Let $G=(V,E)$ be a graph, $|V|=n$, $|E|=m$. Show that
$\displaystyle \sum_{v\in V}{d(v)\choose{2}}\geq \frac{n}{2}(\frac{2m}{n} - 1)^{2}$
This is from a Theorem that state $\operatorname{ex}(n,C_{4})=O(n^{3/2})$, and the autor afirm that is true by convexity.
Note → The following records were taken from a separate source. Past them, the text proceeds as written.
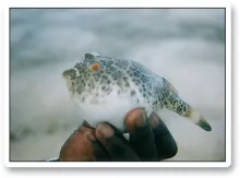 When we arrived, Phillip stopped the boat. We couldn't go any further. We got out and the water was a little under calf depth. He went into my kit bag and came out with a box of flies, some tippet and my camera. We started slowly walking. The bottom was firm, white coral sand and littered with big, red starfish, strange looking sponges and panicky little puffer fish. We walked about 500 metres in water that was getting gradually shallower, to just over ankle depth. He then stopped and pointed out the fishing hole.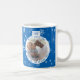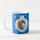 Feliz Navidad, Navidades de copos de nieve azul Ball Photo Mug. Diseño festivo lindo con una foto en la bola de Navidades con fondo azul de copo de nieve. Añade tu foto y personalizar el texto en la taza.
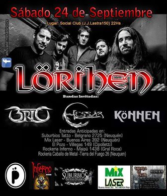 El sábado 24 de septiembre, fue una noche hermosa en la provincia de Neuquen donde se vivió un clima primaveral para recibir una fecha ansiada por casi 1 década desde la última vez que Lorihen pisó tierras Neuquinas. El lugar elegido fue el Social Club, un recinto cómodo, con todas las instalaciones necesarias, un escenario cercano a la gente, como todos queremos e incluso como muchos músicos lo prefieren.Arrancaron las dos bandas invitadas, primero fue el turno de Brío, una banda de heavy/power que arrasó con su contundente batería, sus dos guitarras super afiladas y su bajista nuevo que se encontró a la altura. La banda esta conformada por Bruno Moretti en voces, Marcos Torres en batería, Martin Seguel en primera viola, Rafael Uribe en segunda viola, Oscar Orcellet en bajo. Brío fue formada en el 2009 y ha sido telonera de Gamma Ray, Logos, Tren Loco, Icaro, Jezabel, Jason, Almafuerte, entre otras.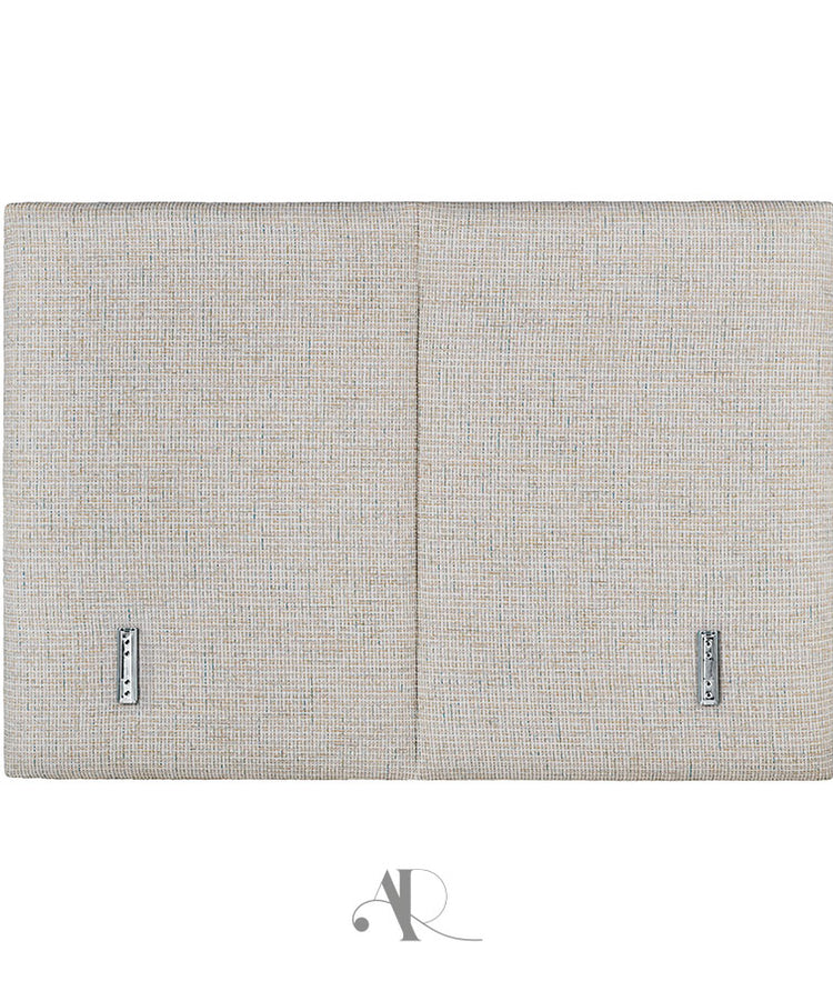 Disponible en largeurs de 100 à 200 cm, Canberra se fixe facilement au sommier grâce à un système de glissières. Avec sa hauteur totale de 121 cm et son épaisseur de 9 cm, elle apporte un volume accueillant tout en restant élégante.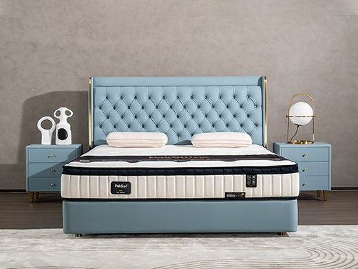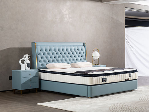 柏思戈 轻奢 纳米环保科技皮 实木结构 俄罗斯进口落叶松 蓝色 1.8米皮床¥7074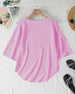 SPECIFICATIONS Top Type: Blouses Style: Casual Material: Cotton Blends Occasion: Daily Neckline: Round Neck Pattern Type: Solid Color Sleeve Type: Bat sleeve Sleeve Length: Short Sleeve Fit Type: Regular Season: Spring,Summer Details: Lace Up Package Includes: 1 x Blouse SIZE TABLE Size Bust Length CM INCH CM INCH S 95 37.40 65 25.59...

Recall Jensen's inequality: For a real convex function $f$, numbers $x_{1},x_{2},...,x_{n}$ in the domain of $f$, and weights $0\leqslant t_{1},t_{2},...,t_{n}\leqslant 1$ satisfying $\sum_{i=1}^{n} t_{i} =1$, we have $$\sum_{i=1}^{n} t_{i}f(x_{i})\geqslant f\left(\sum_{i=1}^{n} t_{i}x_{i}\right).$$ We apply this to $f(x)=\binom{x}{2}=\frac{x(x-1)}{2}$. By considering the second derivative, it is easy to show that $f$ is indeed convex. We write $V=\{v_{1},...,v_{n}\}$ and then take $x_{i}=d(v_{i})$. Take $t_{j}=\frac{1}{n}$ for all $j$. This gives us $$\sum_{v\in V}\frac{1}{n}\binom{d(v)}{2}\geqslant f\left(\frac{1}{n}\sum_{v\in V}d(v)\right).$$
By the handshaking lemma, we know that $\sum_{v\in V}d(v)=2m$. Substituting this in the above inequality and multiplying both sides by $n$ gives the required result$$\sum_{v\in V}\binom{d(v)}{2}\geqslant \frac{n}{2}\cdot \frac{2m}{n}\cdot\left(\frac{2m}{n} - 1\right)\geqslant \frac{n}{2}\left(\frac{2m}{n} - 1\right)^{2}.$$